◆ TASK OBJECTIVE ◆
Return the first line of the listing below and all the lines after it through the one containing "比赛过程中,精彩瞬间不断。当", exactly, without pictures.

*** RAW DATA ***

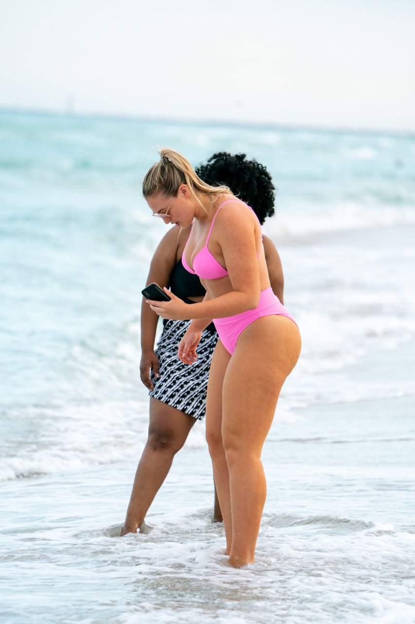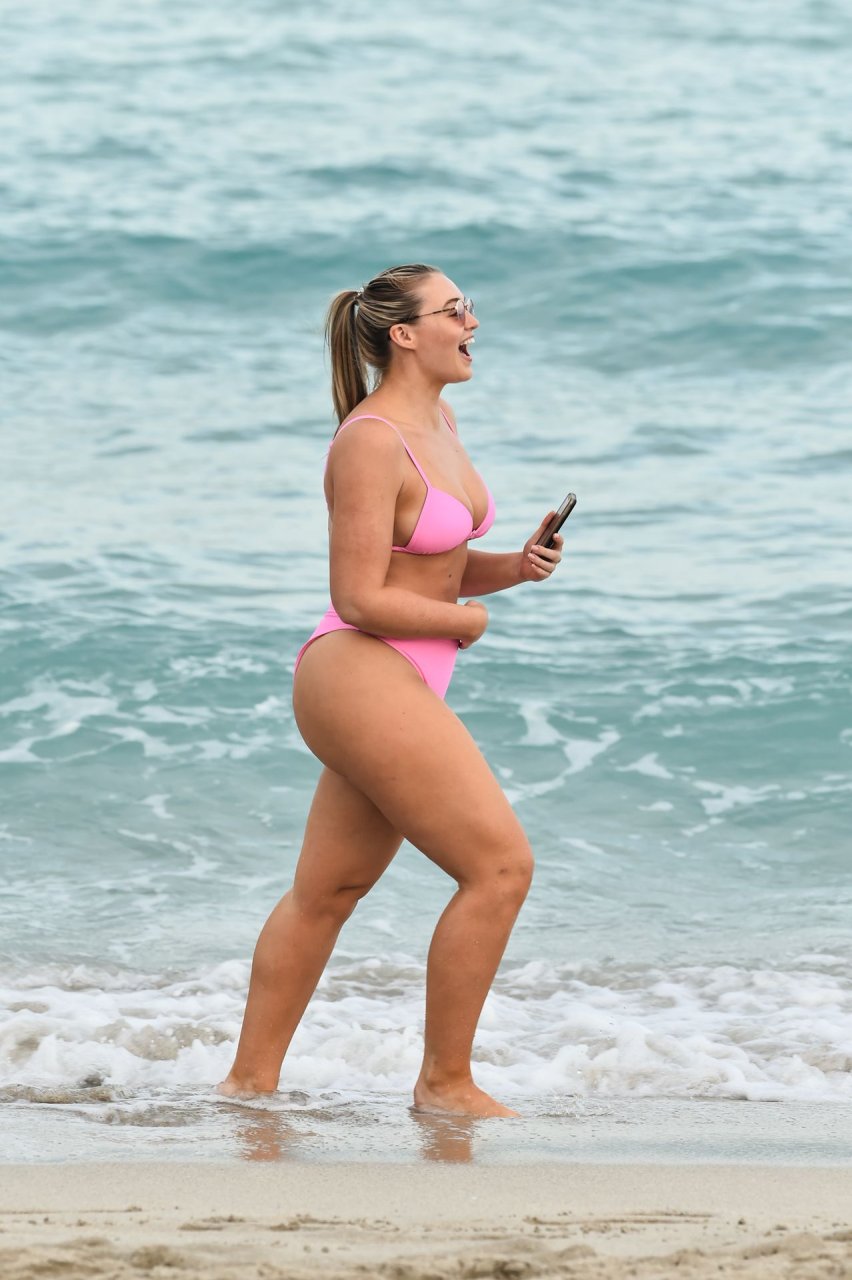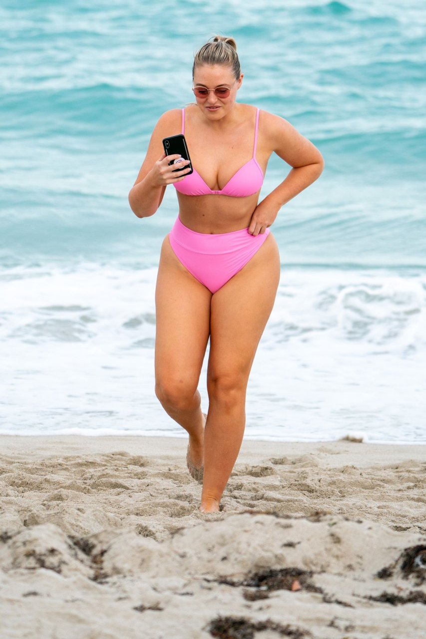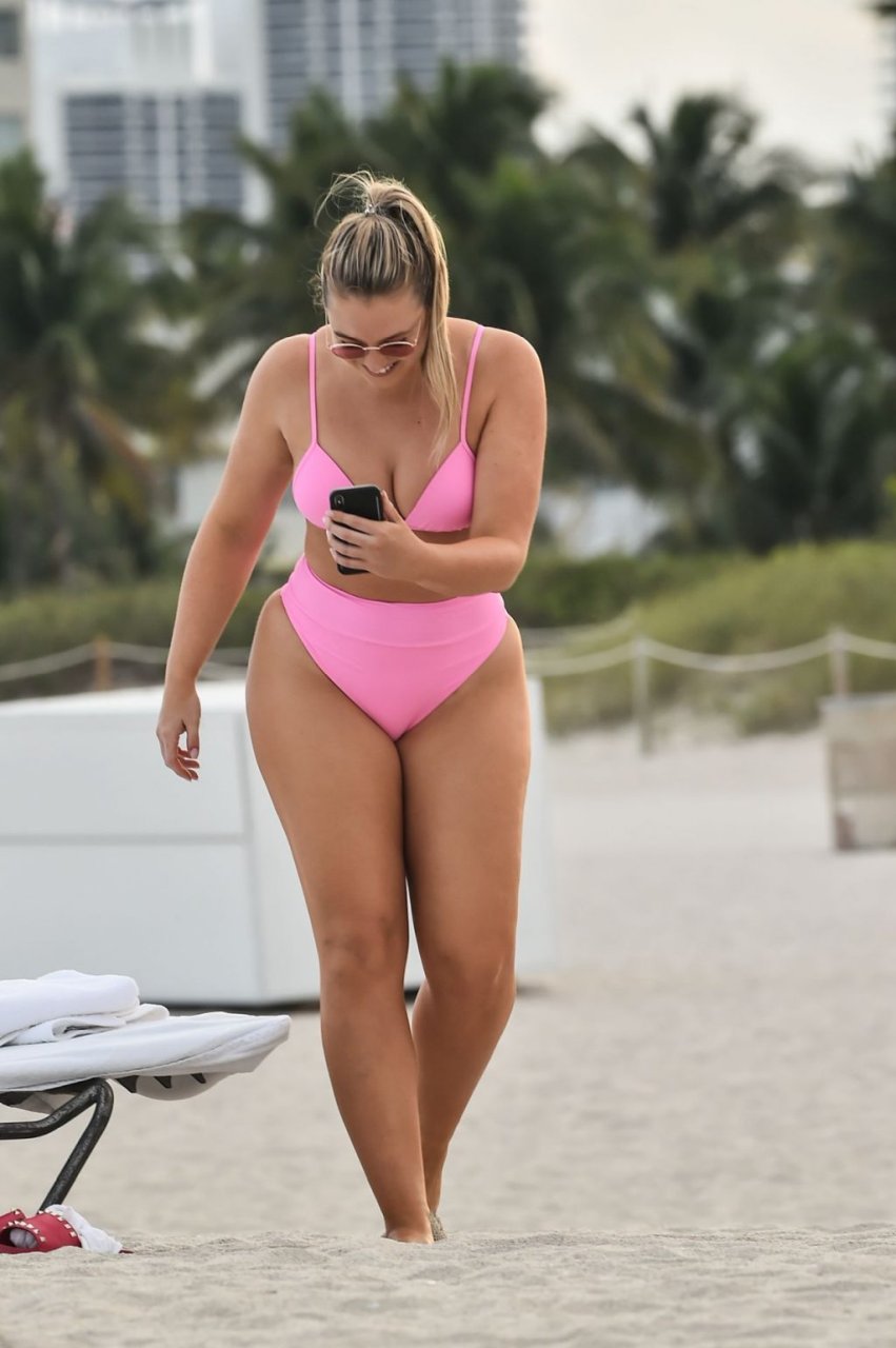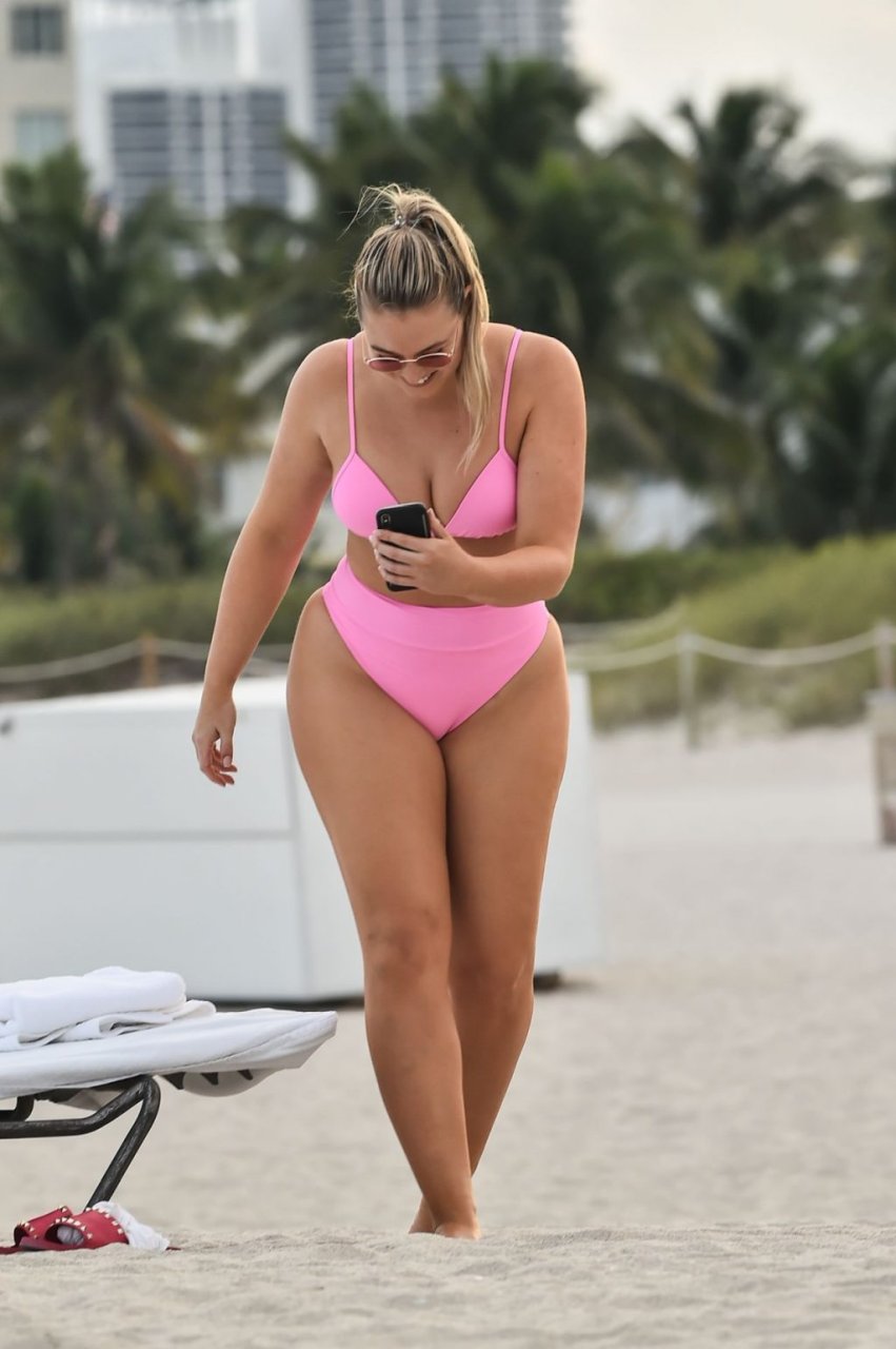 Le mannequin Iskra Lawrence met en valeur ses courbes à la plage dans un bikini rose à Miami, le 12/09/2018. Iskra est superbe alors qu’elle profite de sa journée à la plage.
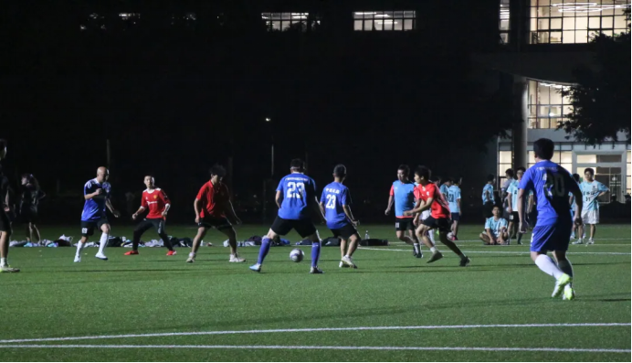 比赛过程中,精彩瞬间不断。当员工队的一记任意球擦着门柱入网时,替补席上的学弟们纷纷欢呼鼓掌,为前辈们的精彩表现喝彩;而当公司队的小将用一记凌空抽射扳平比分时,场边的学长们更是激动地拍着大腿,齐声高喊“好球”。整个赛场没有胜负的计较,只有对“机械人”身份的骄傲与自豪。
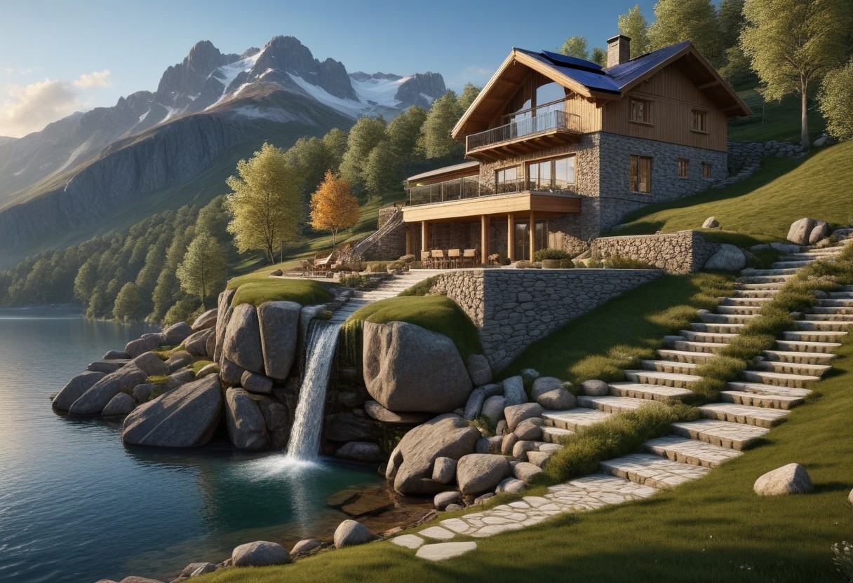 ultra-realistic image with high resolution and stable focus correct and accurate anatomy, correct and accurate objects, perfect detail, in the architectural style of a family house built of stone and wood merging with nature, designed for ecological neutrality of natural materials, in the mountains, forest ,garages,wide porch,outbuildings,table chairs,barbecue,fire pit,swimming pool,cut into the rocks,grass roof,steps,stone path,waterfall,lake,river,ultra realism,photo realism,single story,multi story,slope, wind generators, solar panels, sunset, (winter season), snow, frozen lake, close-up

*** End of RAW DATA ***

◆ ANSWER BOX ◆
 Le mannequin Iskra Lawrence met en valeur ses courbes à la plage dans un bikini rose à Miami, le 12/09/2018. Iskra est superbe alors qu’elle profite de sa journée à la plage.
 比赛过程中,精彩瞬间不断。当员工队的一记任意球擦着门柱入网时,替补席上的学弟们纷纷欢呼鼓掌,为前辈们的精彩表现喝彩;而当公司队的小将用一记凌空抽射扳平比分时,场边的学长们更是激动地拍着大腿,齐声高喊“好球”。整个赛场没有胜负的计较,只有对“机械人”身份的骄傲与自豪。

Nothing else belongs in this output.